Later there were as many as 5000 troopers of the 10th, 11th and 28th Cavalry Regiments based at the Camp. With mechanization and departure of the cavalry the Camp was converted for use as Mitchell Convalescent Hospital. As many as 200 Italian, prisoners of war were assigned to Camp Lockett from the larger Camp Haan in Riverside County. They worked in hospital services, mess halls, warehouses, shops and on the roads and grounds. The stockade in which they were housed never had a locked gate! None tried to escape. Campo residents describe them as being cheerful, singing as they went out on their work parties and feeling lucky to be alive. Their masonry work is still evident at many locations about the Camp.18.

The expanse of the Camp is still apparent and nearly all the structures within the site today are of World War II construction. George Duckworth’s barn was an Army blacksmith shop. The gymnasium constructed in 1943 on Sheridan Drive was used later by the Mountain Empire Union High School until occupancy of the new facility on Buckman Springs Road half way between Campo and Pine Valley in 1976. The gymnasium building is now the Pacific Southwest Railway Museum Car Shop. The Camp Lockett complex was declared surplus by the General Services Administration June 19, 1946. By 1949 thirty-nine acres with all improvements had been transferred to the Mountain Empire Union School District for use as the Junior and Senior High School. San Diego County acquired 600 acres with all improvements in 1950.

The final passenger run on the SD and AE to Calexico was Thursday, January 11, 1951. Freight runs continued with interruptions after Hurricane Kathleen September 10, 1976. Willis Kyle, a short line contractor, was finally able to run freight trains again in 1982. A brush fire burned two trestles June 18, 1983. That, coupled with diminished freight traffic, terminated through runs to El Centro. The Campo Milling Corporation building next to the railroad towards the northern edge of the valley stands as a landmark to mining and milling of feldspar from Houser Canyon Mine 1921 – 1934 for vitreous china products, enamel and porcelain.

Campo Valley today is still a pleasant rural community with a population of approximately 1100 including Cameron Corners named after the pioneer family. Descendents of the original inhabitants are still in the Milquatay, now living ranch type life at the northwest portion of the valley. The whistles, bells and horns of the railway of yesteryear have returned with the present activities and developments of the Pacific Southwest Railway Museum Association just north of the Campo depot.


  1. Mrs.
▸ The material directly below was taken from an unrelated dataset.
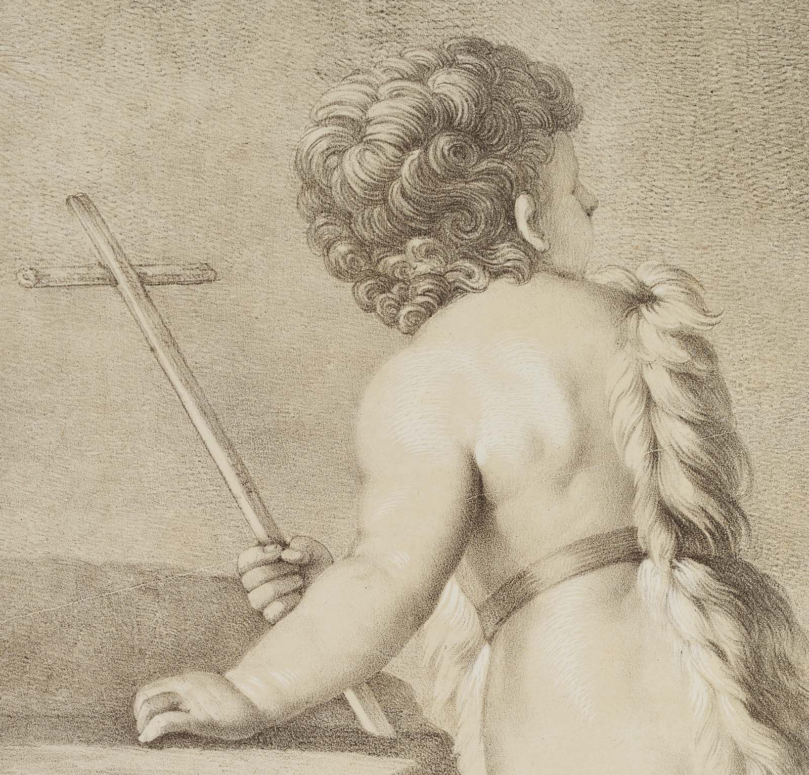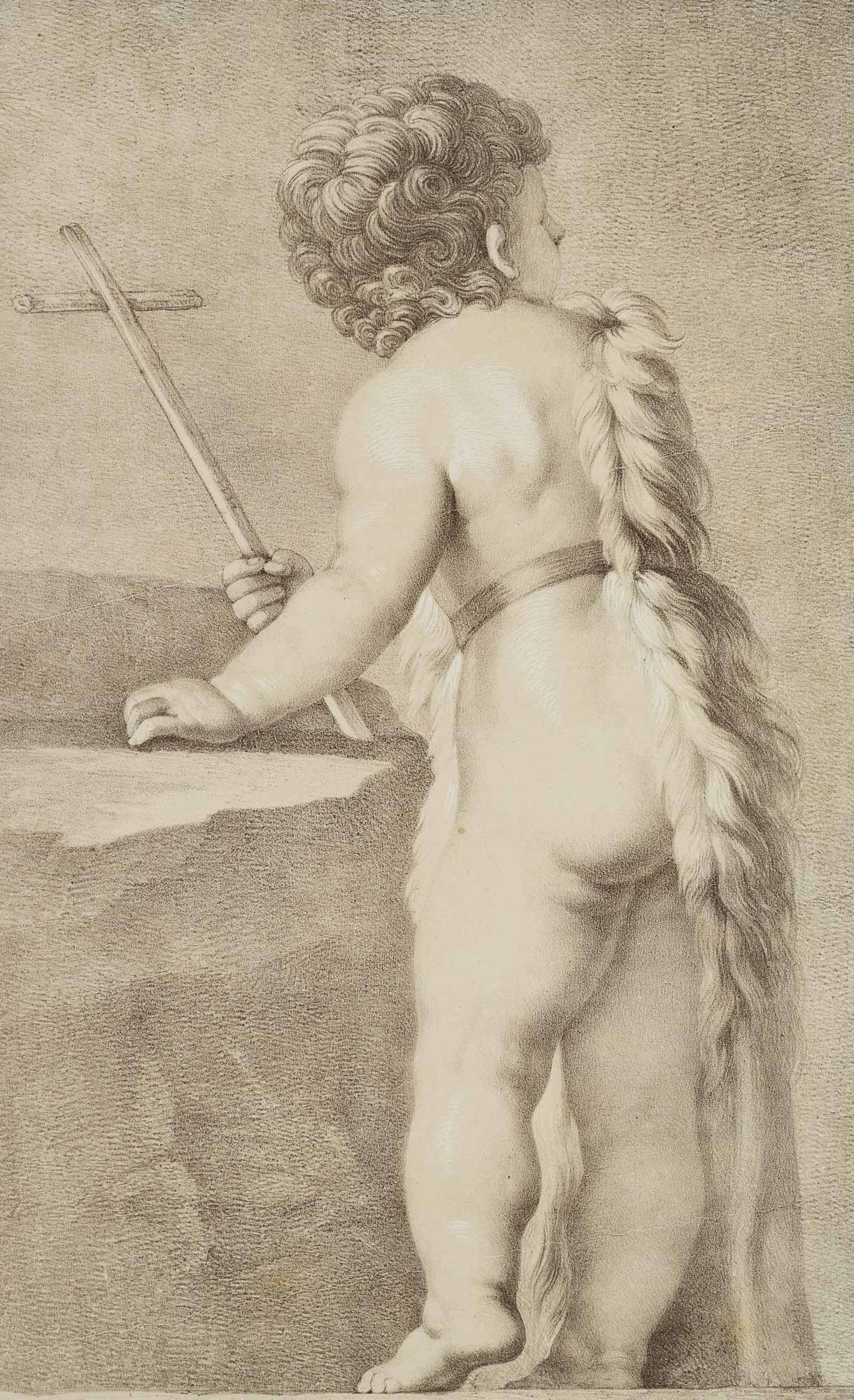 - Beschreibung: Unter der Darstellung signiert: “P: Veronese pinx. // f: Pilotj del “, verzeichnet bei Winkler: Die Frühzeit der Deutschen Lithographie, No. 965, 38.6. / Dussler S. 148, No. XXXVIL, 6. München 1811-16. Vom Rücken gesehen, die linke Hand auf einen Felsen aufgestützt, in der rechten ein Kreuz. Ein Riemen um die Körpermitte hält ein über die rechte Schulter gelegtes Vlies fest. | Wasserzeichen: A. HUBER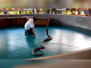 Wildlife rescuer Gautam Bhagat, who is working in Canacona area, has documented this scene after he rescued the cobra that had entered a house at Cauvrem village in state's southernmost taluka. The footage, which has gone viral, shows cobra with a bulged stomach throwing out a plastic bottle after it was rescued as he rolls on the rough ground in the village.

V. Anderson, “Diegueno Indians”, San Diego Historical Society Research Paper, November 26, 1969.
  2. Ruth Underhill, “Indians of Southern California”, Branch of Education, Bureau of Indian Affairs, Department of The Interior (Haskill Press, Sherman Pamphlets, Number 2).
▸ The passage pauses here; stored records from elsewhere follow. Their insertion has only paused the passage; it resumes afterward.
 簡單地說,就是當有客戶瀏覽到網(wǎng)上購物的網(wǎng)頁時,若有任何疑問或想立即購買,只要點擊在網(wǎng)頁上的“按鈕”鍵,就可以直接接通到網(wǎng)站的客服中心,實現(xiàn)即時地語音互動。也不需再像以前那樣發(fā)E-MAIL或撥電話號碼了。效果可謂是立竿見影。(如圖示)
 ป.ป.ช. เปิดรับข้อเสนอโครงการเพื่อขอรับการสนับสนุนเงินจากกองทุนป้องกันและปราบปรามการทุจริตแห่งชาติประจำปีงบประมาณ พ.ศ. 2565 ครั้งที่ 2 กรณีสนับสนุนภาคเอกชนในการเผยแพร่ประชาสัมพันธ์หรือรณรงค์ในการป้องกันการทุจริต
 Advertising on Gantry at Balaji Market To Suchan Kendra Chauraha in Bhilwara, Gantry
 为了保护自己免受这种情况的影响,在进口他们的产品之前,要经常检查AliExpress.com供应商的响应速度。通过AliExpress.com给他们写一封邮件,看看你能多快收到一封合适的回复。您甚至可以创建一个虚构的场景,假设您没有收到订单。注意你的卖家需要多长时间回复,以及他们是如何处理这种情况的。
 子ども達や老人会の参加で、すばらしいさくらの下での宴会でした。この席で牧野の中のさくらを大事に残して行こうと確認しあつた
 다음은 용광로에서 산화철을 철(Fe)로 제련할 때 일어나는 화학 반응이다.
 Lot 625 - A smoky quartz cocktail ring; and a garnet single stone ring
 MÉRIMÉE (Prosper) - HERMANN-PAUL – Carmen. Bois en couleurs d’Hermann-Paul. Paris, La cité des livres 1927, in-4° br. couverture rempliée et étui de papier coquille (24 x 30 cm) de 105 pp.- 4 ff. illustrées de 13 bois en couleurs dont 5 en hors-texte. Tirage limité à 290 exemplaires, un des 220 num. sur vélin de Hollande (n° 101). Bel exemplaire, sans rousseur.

  3. John Davidson, “Campo, Milquatay (Big Foot) Valley”, San Diego “Tribune”, December 14, 1934.
  4. Ella McCain, “Memories of the Early Settlements Dulzura, Potrero and Campo”, (South Bay Press, 1955)
  5. Guard D. Gunn, “Historic Old Campo”, The Southern California Rancher, June 1945.
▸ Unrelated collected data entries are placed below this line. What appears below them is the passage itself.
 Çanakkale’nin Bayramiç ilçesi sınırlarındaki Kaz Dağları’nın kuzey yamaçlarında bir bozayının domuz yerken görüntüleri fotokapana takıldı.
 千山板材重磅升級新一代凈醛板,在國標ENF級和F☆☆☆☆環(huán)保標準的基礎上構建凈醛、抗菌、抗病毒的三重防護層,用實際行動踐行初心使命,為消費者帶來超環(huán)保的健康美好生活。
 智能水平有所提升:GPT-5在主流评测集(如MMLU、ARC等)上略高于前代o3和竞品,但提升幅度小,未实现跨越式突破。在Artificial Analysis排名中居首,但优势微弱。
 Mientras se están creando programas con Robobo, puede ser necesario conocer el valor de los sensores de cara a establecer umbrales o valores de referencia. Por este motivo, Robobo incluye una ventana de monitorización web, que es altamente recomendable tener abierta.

  6. J.M. Guinn, “History of California – History and Biographical Record” (Historic Record Company, 1907).
  7. Ibid, p. 1300.
  8. M. C. Hensley, “Wild Times at Old Campo”, The Southern California Rancher, May 1950.
  9. Ibid, p. 34.
  10. Guinn, “History of California”, p. 1299.
  11. San Diego “Union”, December 9, 1951. p. D-11.
  12. Guinn, “History of California”, p. 1299.
  13. San Diego Historical Society Research Archives, Photograph Number 1697.
  14. H. Brad Atwood, Public Relations Manager, Southern Pacific Company discussion with San Diego Radio Station KGB, October 7, 1962.
  15. Gunn, “The Southern California Rancher”, June 1945.
  16. Pamphlet on Camp Lockett, San Diego Historical Society Research Archives.
  17. Ibid.
  18. James W. Hinds, “The Camp Locket Military Reservation, Campo, California 1941 – 1946”, San Diego Historical Society Research Archives (typewritten copy dated 1984).